What Can We Expect From Used Car Sales in Q2? Jonathan Banks from J.D. Power Provides Insight

The used car market has had its fair share of turns and changing trends so far in 2019 and Jonathon Banks, Vice President and General Manager for Vehicle Valuations at J.D. Power, suspects that this won’t be the end of the surprises 2019 has in store for dealerships. Banks sits down with CBT News’ Jim Fitzpatrick to discuss the latest update on inventory and auction volume of used cars as we begin to move into the second quarter. Check out the full interview above to see what seems to be in store for dealerships and the used car market for the remainder of 2019.

VIDEO TRANSCRIPT: 

Speaker 1:
From our studios in Atlanta, this is Car Biz Today.
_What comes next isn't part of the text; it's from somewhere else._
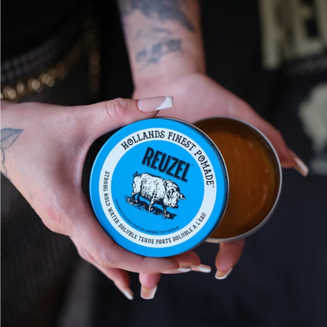 Formuła na bazie wody z łatwością się zmywa, nie pozostawiając osadu ani obciążenia. Pomada REUZEL® Blue zapewnia trwałe utrwalenie i połysk, zachowując elastyczność przez cały dzień. Idealna do gładkich, eleganckich fryzur.

And here now, Jim Fitzpatrick.

Jim Fitzpatrick:
Hello everyone, I’m Jim Fitzpatrick, thanks so much for joining us on CBT News. 2019 may have gotten off to a sluggish start for the used car market, but bounced back strong this spring. Will it continue to grow, or cool off?

Jim Fitzpatrick:
Here to give us an update on inventory and auction volume as we settle in to Q2 is Jonathan Banks, vice president and general manager for vehicle evaluations at J.D. Power.

Jim Fitzpatrick:
Welcome back to CBT, Jonathan.

Jonathan Banks:
Yeah, thanks a lot. Glad to be here.

Jim Fitzpatrick:
Sure. So, talk to us. Let’s jump right in here. What’s your take on the overall health of the auto industry so far this year?

Jonathan Banks:
The overall health of the auto industry is fantastic. I really focus on the u side which is just becoming really the bellwether of positive results. We’re seeing really strong demand which is driving up prices in the retail side. We look at the wholesale market. Dealers are paying more for the inventory that’s a bit of a challenge. But the good part about it, they’re paying more on the wholesale, but they’re getting that back on retail.

Jonathan Banks:
On the new vehicle side, we’re seeing a bit of a pullback on retail sales, but when you really dig down underneath that data, we see some strength in the form of, we’re seeing transaction prices on new vehicles go up. A lot of that’s coming from lowering incentives, but also coming from more just higher prices on vehicles because of contenting.

Jonathan Banks:
Overall, the market looks really strong.

Jim Fitzpatrick:
Yeah, that’s for sure, and I guess everybody still wants SUVs and truck, right? I mean that’s the name of the game today.

Jonathan Banks:
Yeah, on the new side, especially, we’re seeing a big decline in car sales and a big uptick on SUV and truck sales. The used market’s a little bit different. We’re seeing the supply of SUVs and trucks start to increase as a percentage of the total used supply. It means that the availability of SUVs and trucks is getting better, relative to cars. But, the car volume is still really high, and what we’re seeing on the used side is that car prices have been going up faster than SUV and truck prices, surprisingly. Even though the supply is going down a little bit, but the sheer volume of mid-size cars is one of the highest volume segments in the used market. And, prices are still going up.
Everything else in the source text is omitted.